Pryzynchuk later studied international law and Chinese language at Kyiv International University, and was particularly interested in the latter. In her junior year of college, she became an exchange student at Tianjin University of Technology and Nankai University in China. After graduating, she pursued a master's degree in art history at Beijing Normal University. After six years of studying in China, Pryzynchuk earned her master's degree. Her thesis examined the influence of Wassily Kandinsky on Wu Guanzhong. She later learn Spanish in six months in Quito, Ecuador introduced by a friend.

Pryzynchuk returned to Ukraine in 2015. She considered starting a publisher during an internship at a publishing house, but dropped the idea during the Maidan Revolution. In 2016, she reconsidering her idea and noticed the lack of Ukrainian publications in Ukraine, especially Asian literature. As a result, she decided to start a publishing house that focuses on Asian publications in Ukrainian.

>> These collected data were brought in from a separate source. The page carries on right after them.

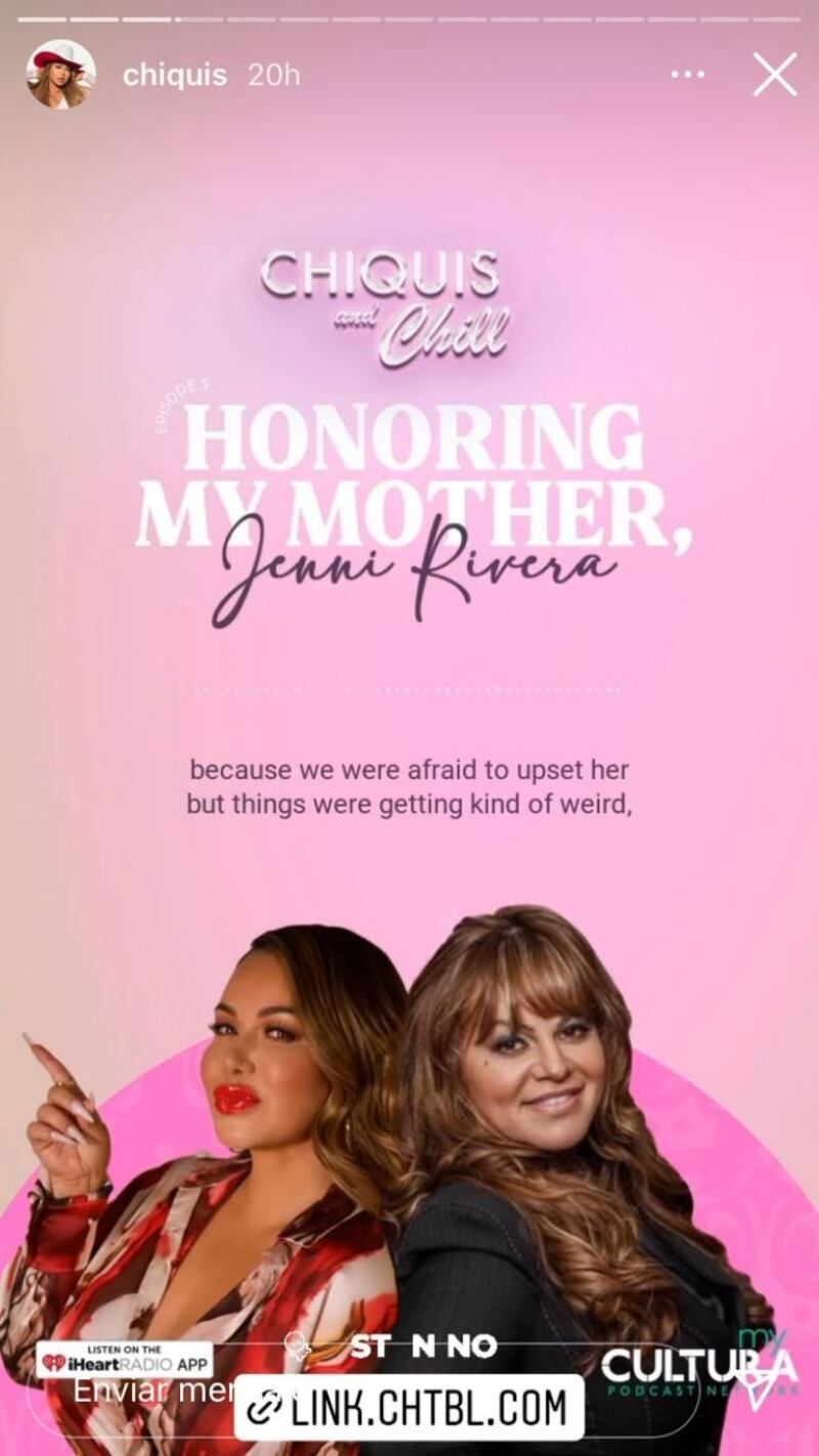 Ahora fue turno de su hija, Chiquis Rivera, quien a través de un podcast para la app de I heart Radio, decidió honrar la memoria de su madre y contar experiencias inéditas que vivió con "La mariposa del barrio".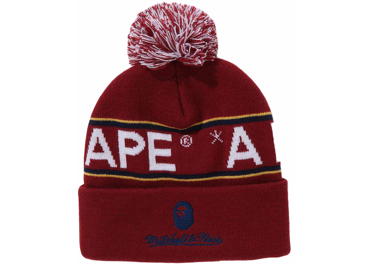 The BAPE x Mitchell & Ness NHL Pom Beanie Burgundy is now available at Side Kicks!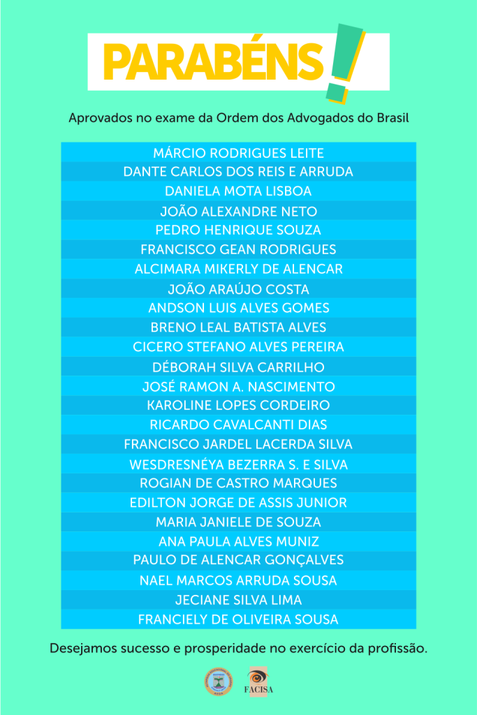 Alunos da Facisa aprovados no Exame da Ordem dos Advogados do Brasil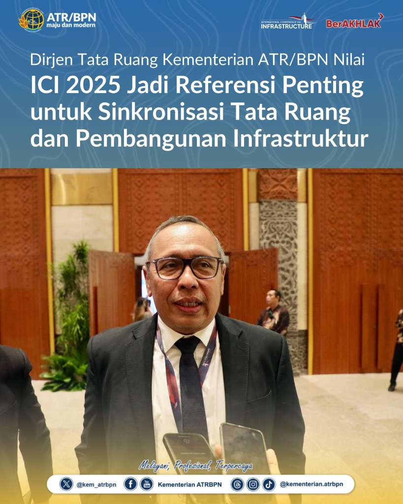 Jakarta – Direktur Jenderal (Dirjen) Tata Ruang Kementerian Agraria dan Tata Ruang/Badan Pertanahan Nasional (ATR/BPN), Suyus Windayana menilai pelaksanaan International Conference on Infrastructure (ICI) 2025 sebagai momen penting untuk merumuskan arah pembangunan nasional yang terintegrasi dengan tata ruang. Hal tersebut ia sampaikan usai menghadiri Pembukaan ICI 2025 di Jakarta International Convention Center, Rabu (11/06/2025).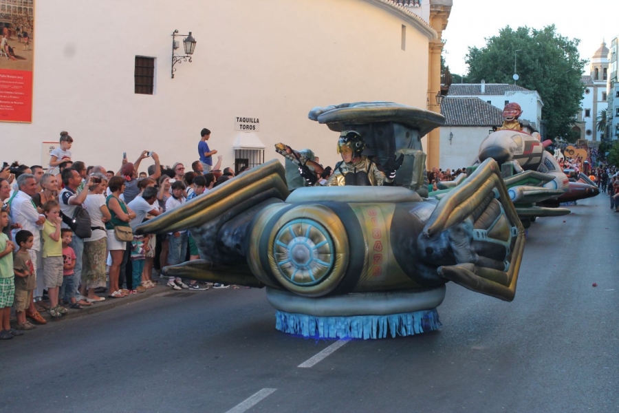 A las 19.30 horas inició su recorrido la cabalgata en la que además de los grupos que han participado en las Galas Folklóricas Internacionales (Italia, Serbia, Eslovaquia, Costa Rica y la Asociación Cultural Abul-Beka de Ronda), también desfilaron diferentes atracciones, pasacalles, numerosos niños y las once Damas Goyescas, acompañadas por su presidenta, Milagros Castaño.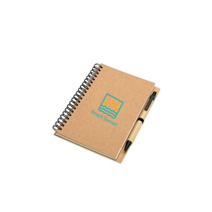 Sisältää 120 sivua kierrätyspaperia (70 arkkia) ja biohajoavan kierrätetyn kuulakärkikynän sinisellä musteella.
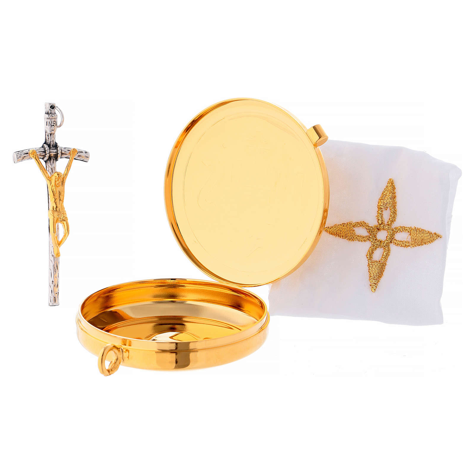 Mochila pequeña relicario cruz y pequeña servilleta con relicario latón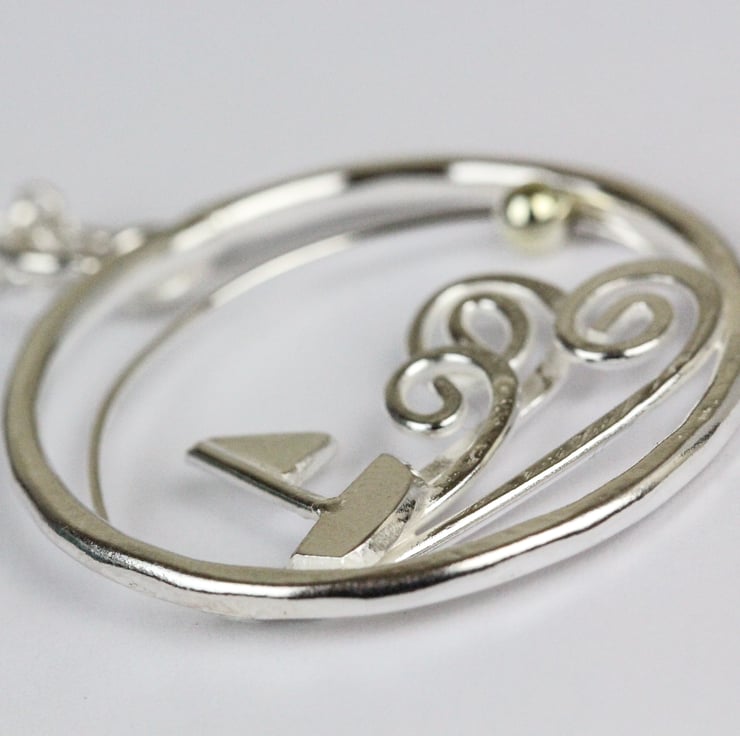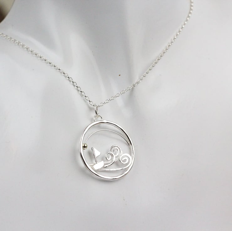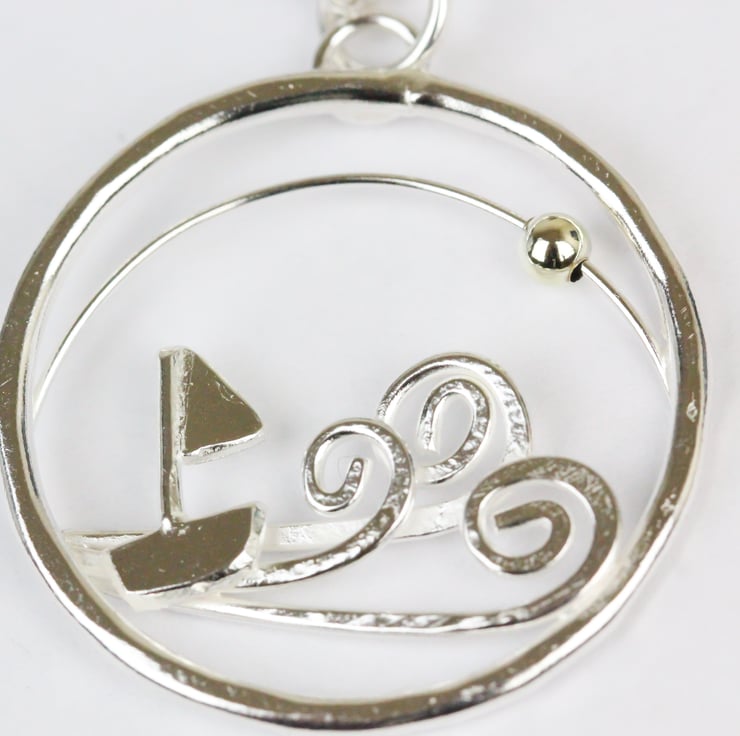 Quirky sterling silver boat and waves pendant, with Kinetic 9ct yellow gold sun.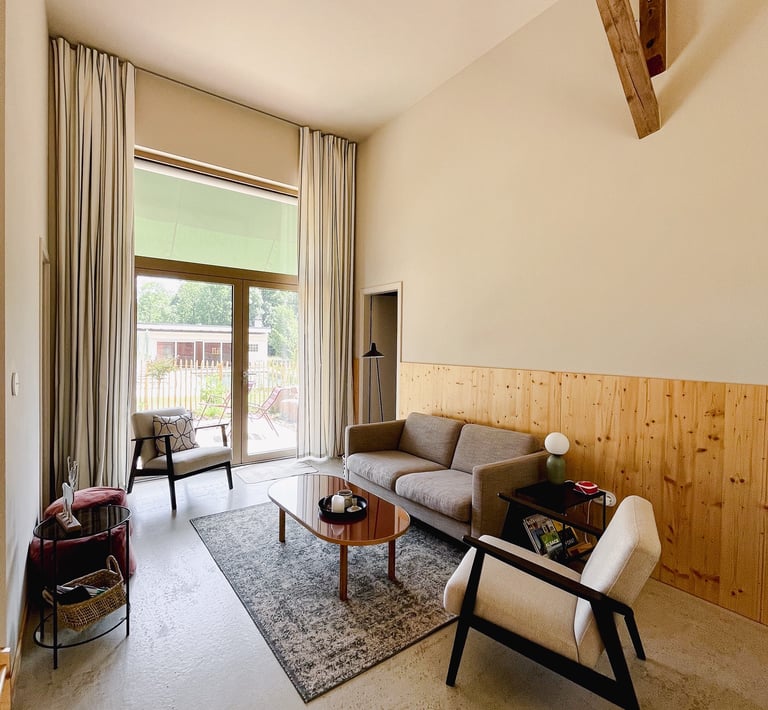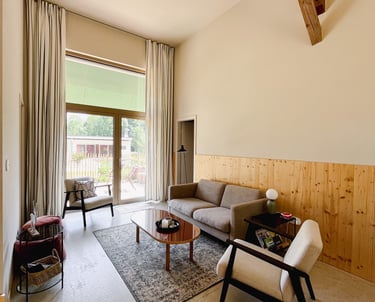 Salon et coin repas : Espace cosy avec un canapé confortable et une table pour deux

In 2018, Pryzynchuk established Safran Publishing. It was one of the few publishers focused on Asian publications. In 2019, Safran Publishing attended the Arsenal Book Festival with the flagship translation of Zhuangzi and The Classic of Tea. That same year, Zhuangzi was named one of the best books in 2019 by PEN Ukraine, while The Classic of Tea won a special prize at the Book Forum Lviv.